Among highly performing models, we found that several explain face dissimilarity judgements similarly well. One of the models that explains a surprisingly large amount of variance is GIST. It has been previously shown, that Gabour-based models explain face representations well (14, 22). The models compared contain quite different feature spaces. For example, object-trained and face-trained VGG models learn distinctly different feature detectors (6), yet explain a similar amount of variance in human face dissimilarity judgements. Both object-trained and face-trained VGG models also explain a similar amount of variance in human inferior temporal cortex (42), and object-trained VGG explains variance in early MEG responses (43). The “face space” within a face-trained DNN organises faces differently than they are arranged in the BFM’s principal components, for example, clustering low-quality images at the “origin” of the space, eliciting lower activity from all learned features (30). It is perhaps remarkable that distances within the BFM are approximately as good at capturing perceived face dissimilarities as image-computable DNNs. Distances within the BFM contain no information about either the specific individuals concerned, or the image-level differences between the two rendered exemplars. DNNs, on the other hand, are image-computable and thus capture differences between the visible features in the specific rendered images seen by participants. The high success of the relatively impoverished BFM representation may highlight the importance of statistical face distributions to human face perception. After all, the BFM simply describes the statistical dissimilarity between two faces, expressed in units of standard deviations within the sample of 200 head-scanned individuals. The power of this statistical description is consistent with previous evidence for the adaptability of face representations, coming from face aftereffects (2, 34), the “own-race effect” (44, 45), and inversion and prototype effects (46)
We expected that a 16-layer VGG deep neural network trained to discriminate faces would likely be a better model than the same architecture trained on objects. However, this was not the case. There are a couple of possible explanations for this surprising result. The first is that although there is no “human” category in the ILSVRC dataset on which the VGG-object network was trained (7), there are images with faces in them (e.g. the classes “T-shirt” and “bowtie”), some classes have more than 90% images with faces (e.g. the classes “volleyball” and “military uniform”), and as many as 17% of all images in the dataset have at least one face (47). Therefore, the network may still have learned facial features, even without being explicitly trained on face discrimination. Indeed, DNNs trained with a spatial correlation loss in addition to a classification objective, developed “face patches” when trained on the same ILSVRC dataset (48). Even when all faces were completely removed from the training set, a face-deprived DNN was still able to categorize and discriminate faces (49). However, the face-deprived training affected the degree of DNN’s face selectivity and DNN’s ability to replicate the face-inversion effect(49). Another possibility is that human face dissimilarity judgements are based on general-purpose descriptions of high-level image structure, which are not specific to faces. Consistent with our behavioural results, VGG trained on faces was not beneficial in explaining neural recordings of faces (50). These results are consistent with our finding that a general object recognition model seems to be sufficient to develop features that are diagnostic of face dissimilarity. Emerging classes of models, such as inverse graphics model based on DNNs (10), could be tested as additional model candidates in the future.

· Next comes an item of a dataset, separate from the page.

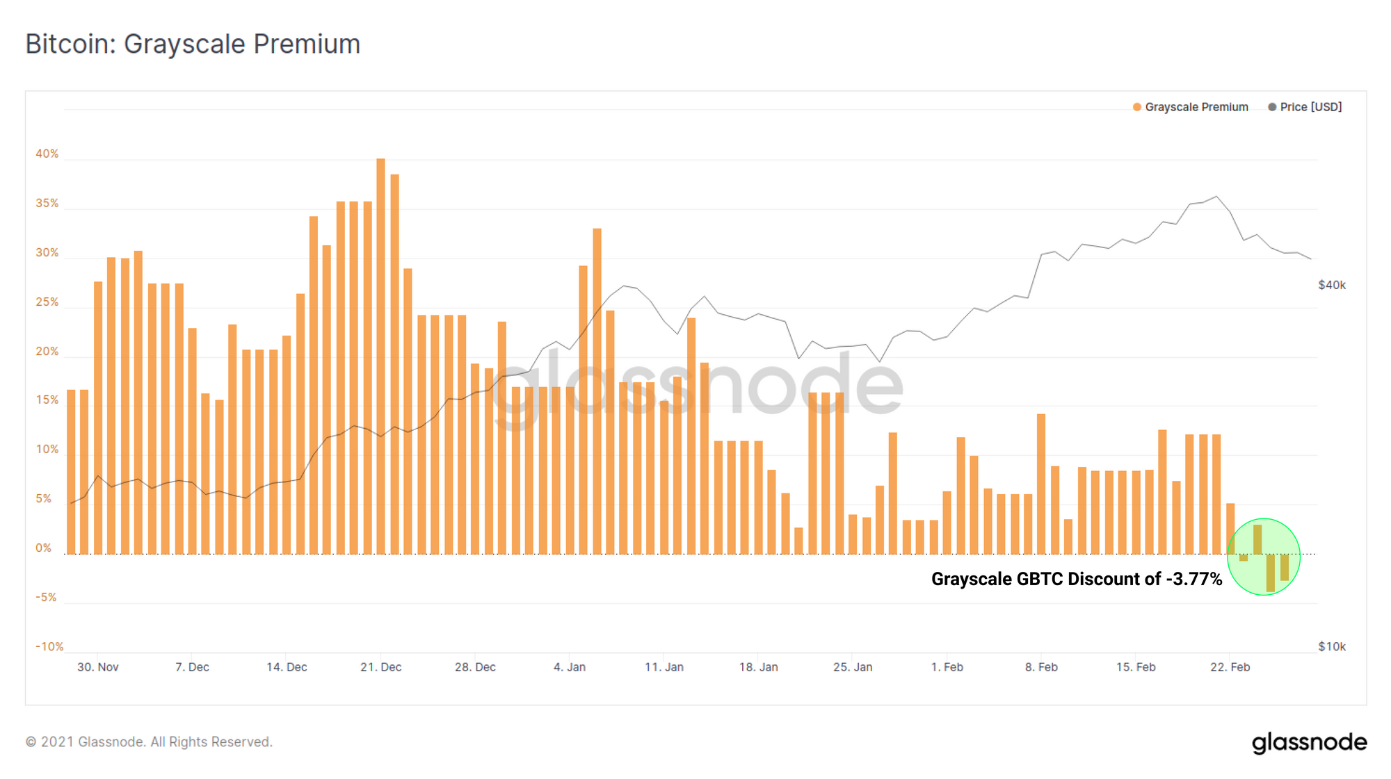 The Grayscale 'premium' has, for the first time, become a Grayscale 'discount', hitting a low of -3.77%. Whilst this price correction is a key driving force, the market is also starting to see the introduction of competitor ETF style products such as Canada's Purpose ETF (Glassnode dashboard available here).

One of the reasons for the equally high performance of disparate models is that, for our stimulus set, several models made highly correlated predictions, making it difficult to discriminate between them based on the current data. Model dissociation was also found to be difficult when studying the representations of face dissimilarity in human fusiform face area, where Gabor filters model performed similarly to face space sigmoidal ramp-tuning model (14). Stimulus optimisation methods could be used in the future to identify sets of stimuli for which current well-performing candidate models make maximally dissimilar predictions (26, 51, 52).
We conclude that deep neural networks provide the best available models of perceived facial similarity, and indeed a face-trained DNN fully explains human judgements within two independent datasets. Meanwhile, the more moderate success of a principal-components face space emphasises the importance of the natural distribution of faces in human face perception.
Methods
Stimuli
Each face generated by the BFM corresponds to a unique point in the model’s 398-dimensional space (199 shape dimensions, and 199 texture dimensions), centred on the average face. The relative locations of any pair of faces can therefore be summarised by three values: the length of the vector from the origin to the first face r1, the length of the vector from the origin to the second face r2, and the angle between the two face vectors θ (see Figure 1b). To create a set of face pairs spanning a wide range of relative geometries in face space, we systematically sampled all pairs of 8 possible vector length values (29 unique combinations) combined with 8 possible angular values. Possible angular values were eight uniform steps between 0 and 180 degrees, and possible vector lengths were eight uniform steps between 0 and 80 units in the BFM. This yielded 232 unique relative geometries. For each relative geometry, we then sampled two random points in the full 398-dimensional BFM space that satisfied the given geometric constraints. We generated two separate sets of face pairs with the same relative geometries but different face exemplars, by sampling two independent sets of points satisfying the same geometric constraints. The two sets (stimulus set A and stimulus set B) were used as stimuli in separate experimental sessions (see “Psychophysical face pair-arrangement task”).
Participants
Human behavioural testing took place over three sessions. Twenty-six participants (13 female) took part in sessions 1 and 2, and a subset of 15 (6 female) took part in session 3. All testing was approved by the MRC Cognition and Brain Sciences Ethics Committee and was conducted in accordance with the Declaration of Helsinki. Volunteers gave informed consent and were reimbursed for their time. All participants had normal or corrected-to-normal vision.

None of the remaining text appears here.